For information about the optimizer trace, see MySQL Internals: Tracing the Optimizer.

Suppose that a table t1 has four VARCHAR columns a, b, c, and d and that the optimizer uses filesort for this query:

SELECT * FROM t1 ORDER BY a, b;

The query sorts by a and b, but returns all columns, so the columns referenced by the query are a, b, c, and d. Depending on which filesort algorithm the optimizer chooses, the query executes as follows:

For the original algorithm, sort buffer tuples have these contents:

(fixed size a value, fixed size b value,
row ID into t1)

The optimizer sorts on the fixed size values. After sorting, the optimizer reads the tuples in order and uses the row ID in each tuple to read rows from t1 to obtain the select list column values.

For the modified algorithm, sort buffer tuples have these contents:

(fixed size a value, fixed size b value,
a value, b value, c value, d value)

The optimizer sorts on the fixed size values. After sorting, the optimizer reads the tuples in order and uses the values for a, b, c, and d to obtain the select list column values without reading t1 again.

For slow queries for which filesort is not used, try lowering max_length_for_sort_data to a value that is appropriate to trigger a filesort.

To increase ORDER BY speed, check whether you can get MySQL to use indexes rather than an extra sorting phase. If this is not possible, you can try the following strategies:

  • Increase the sort_buffer_size variable value. Ideally, the value should be large enough for the entire result set to fit in the sort buffer (to avoid writes to disk and merge passes), but at minimum the value must be large enough to accommodate fifteen tuples.

    Take into account that the size of column values stored in the sort buffer is affected by the max_sort_length system variable value. For example, if tuples store values of long string columns and you increase the value of max_sort_length, the size of sort buffer tuples increases as well and may require you to increase sort_buffer_size.

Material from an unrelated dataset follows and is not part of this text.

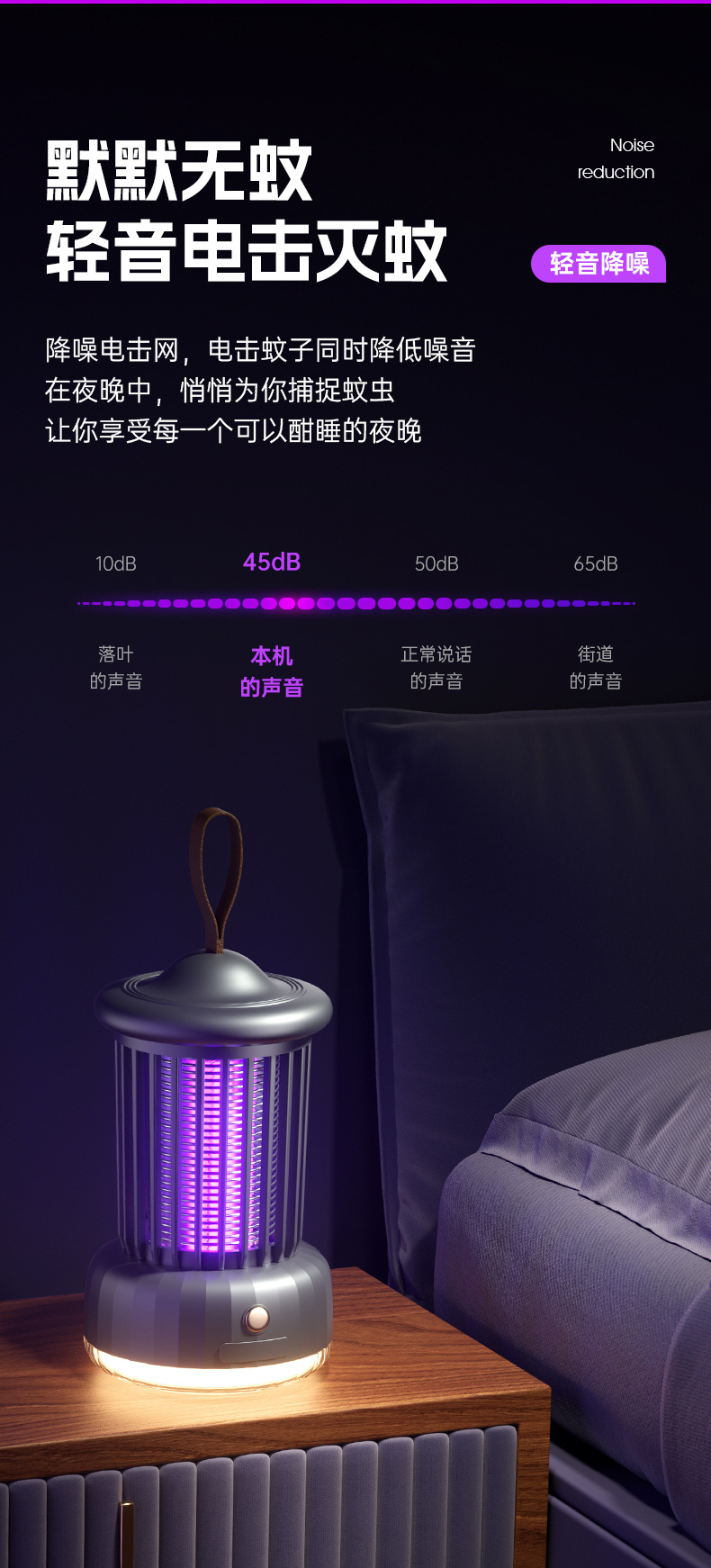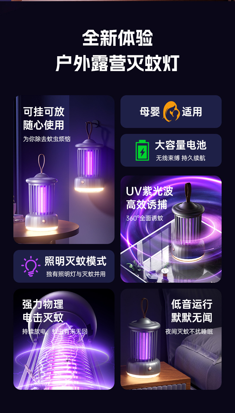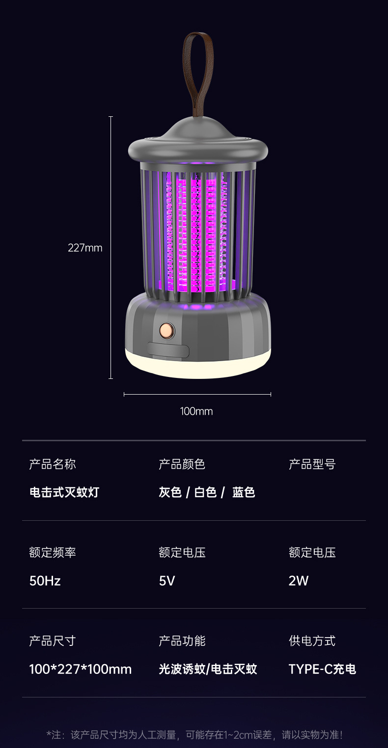 wd-02 electric shock mosquito killing lamp with small night lamp fashionable gray

For column values calculated as a result of string expressions (such as those that invoke a string-valued function), the filesort algorithm cannot tell the maximum length of expression values, so it must allocate max_sort_length bytes for each tuple.

    To monitor the number of merge passes, check the Sort_merge_passes status variable.

  • Increase the read_rnd_buffer_size variable value.

  • Use less RAM per row by declaring columns only as large as they need to be to hold the values stored in them. For example, CHAR(16) is better than CHAR(200) if values never exceed 16 characters.

  • Change the tmpdir system variable to point to a dedicated file system with large amounts of free space. The variable value can list several paths that are used in round-robin fashion; you can use this feature to spread the load across several directories. Paths should be separated by colon characters (:) on Unix and semicolon characters (;) on Windows. The paths should name directories in file systems located on different physical disks, not different partitions on the same disk.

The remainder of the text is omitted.